Now, these hormones can be elevated for obvious reasons. Overeating, the consumption of junk food, consistent snacking between meals etc. will all drive both blood sugar and therefore insulin levels up as well. But, for those with insulin resistant conditions, these two hormones can be triggered extremely easily, even by seemingly healthy meal choices. Crux of the story? Lipolysis can be incredibly challenging for anyone with blood sugar and insulin regulation issues. You may even consume a seemingly perfect diet and not overeat, but still have difficulty achieving lipolysis and metabolic flexibility.
We wrote this blog because many of our clients find that understanding this concept really helps them understand fat loss better. We hope it brings some clarity to you as well. If you are concerned about your perceived ‘lack of’ metabolic flexibility, here are some tips that we’ll close on:
- Make sure your meals contain protein.

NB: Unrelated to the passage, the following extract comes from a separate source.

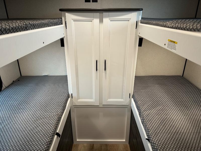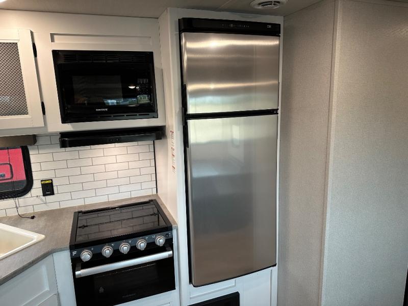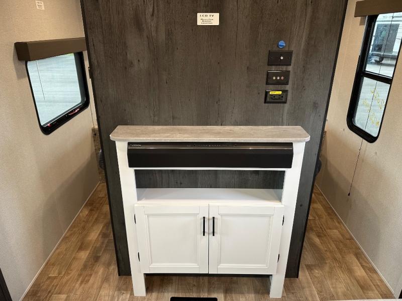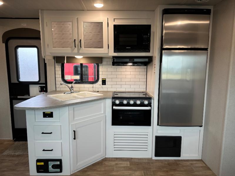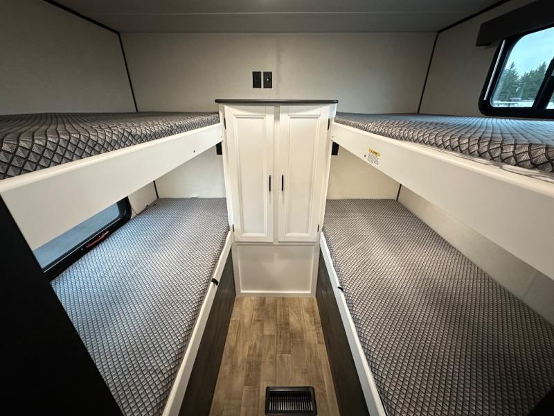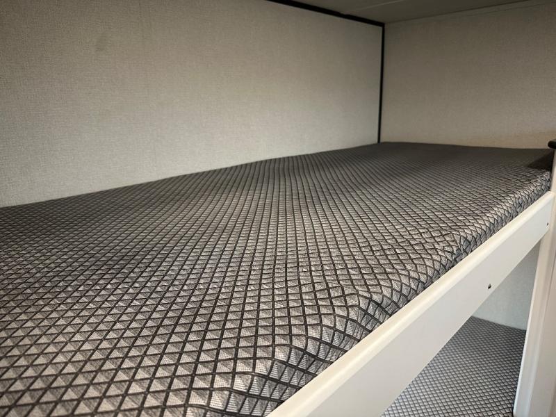 With this Hideout travel trailer, you will have tons of exterior storage! There is a wrap-around storage around the back, and the front has a pass-through storage compartment for even more gear. When you're inside, you'll also notice that you have quite a lot of space to keep items in the bunkhouse closet, kitchen pantry, 10-cubic foot refrigerator, and bedroom closets. The large slide creates more living space, and the central vacuum helps you clean up spills when they happen. This trailer has been prepped for a fireplace, and you can also add an optional 40" HDTV if you wish.

That they aren’t purely carbohydrates on a plate. E.g. a sandwich with vegemite? Note going to cut it for lunch.
- Make sure you eat proper meals, with a break in between of at least 4 hours to allow time to digest and time for blood sugar and insulin levels to decrease.
- ensure that breaks are actual breaks; remember anything with flavour (including tea and coffee) has the ability to trigger a hormonal response in the body i.e. stimulate blood sugar levels.
- Move more. Exercise does stimulate lipolysis. But its also natural for us to move. We are designed to eat and move not eat and be sedentary.
- Don’t eat a really large meal at night especially one with dessert. The overnight ‘fast’ we naturally attain when we sleep is a good opportunity for fat burning.
- Drink water. Not sugary crap. Plus, being hydrated increases the efficiency of the body on all levels.
- Finally, if you are still struggling with weight management or fat loss to a healthy range, consult a professional as insulin resistant conditions require tailored advice.